The time, life and brain-space-saving power of a uniform
How to always have something to wear for who you want to be today
I don’t know what came first, the longing for a uniform or the body dysmorphia. I use the phrase advisedly since even now I’m not sure that it is dysmorphia and not just, y’know, actual fact. Like most women I know (not all! And, yes, some men too, but very much also not all…) I look in the mirror and rarely see the whole of me – still alive, relatively healthy, comparatively thriving when plenty of others I know are not. Instead, my eyes are drawn to the too-wide hips, the belly that hasn’t been flat since my appendix burst aged 13 and the surgery left me with an “apron” more appropriate to someone who’d had a Caesarian... I won’t go on. It’s boring and you get the picture, I’m sure. You’ve heard it before.
Either way, I’ve had a problematic relationship with the whole elaborate process of “getting dressed” for as long as I can remember. I was (and still am!) a blocky kid with a disproportionately big bum. Even at 7, 8, 9, I could find considerable fault with my body. I learnt young. Consequently, I hated jeans. Or trousers of any kind. Which seems weird now given that I live in them. But back then, school uniform was a blessing and the occasional aesthetic free-for-all provided by class days out a total hellscape where the offending hips and thighs could not be hidden under the equal opportunities unflattering regulation grey and bottle green.
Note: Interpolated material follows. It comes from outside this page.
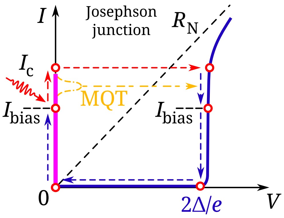 Рисунок 1. Принципиальная схема однофотонного детектора на основе джозефсоновского перехода — ключевой технологии эксперимента CASH. В рабочем состоянии (синяя линия) детектор находится в сверхпроводящем режиме. Поглощение одного-единственного фотона, рожденного из аксиона темной материи, вызывает скачкообразный переход в резистивное состояние с ненулевым напряжением (красная пунктирная линия), что позволяет надежно зарегистрировать событие. Источник: Physical Review D

Give me a uniform and I could close my eyes, sling on the same clothes I wore yesterday and the day before, give or take, and be out of the house in minutes. Give me a choice and the school bus waited for no girl, certainly not one standing in front of her wardrobe begging her clothes not to hate her. (Sorry)
I’ve lost count of the buses/trains/tubes I’ve missed over the decades while that same scenario played out in bedrooms the UK over; wardrobe gradually emptying as the floor filled and the minutes ticked by as I tried and failed to find something to wear for who I wanted to be that day. Every single day. You can only imagine how exponentially that multiplied when I started working on magazines in London’s eating disorder square mile. (I apologise if that sounds flippant, but you know how you can get on a plane in London, get off in New York (or worse, LA) and feel like you gained a stone? It was like that going to work every single day. I honestly knew people who lived by the mantra “eating is cheating”, it wasn’t something the gossip magazines made up.) Those were the years when I ate everything or nothing at all. And whether I was a small UK 10 or busting out of a 14, I hated the way I looked. (As an aside, I remember reading a piece by a then-fashion journalist bemoaning the horrifying fact she’d had to buy a size with two digits (ie a 10) in Topshop and nobody called her out. Ah, bless the noughties.)
It wasn’t that I didn’t like clothes – on the contrary I loved (love) them. I just didn’t feel they loved me back. And slowly I grew to resent them. The time, the effort, the money. More than the clothes, I resented the way men could throw on a shirt, jeans and jacket and be considered good to go. The way, for them, the much lauded “effortless” was an everyday occurrence, whereas for us it seemed to come with a substantial price tag and a day at a salon. The way ‘they’ never had to change out of flats into heels around the corner from a venue. The way black tie events (not my natural milieu at the best of times, but of which there were many in my magazine editing days) seemed to involve compulsory dress shopping every single blimmin’ time while my male contemporaries just bunged on a dinner jacket and moaned about having to wear a tie.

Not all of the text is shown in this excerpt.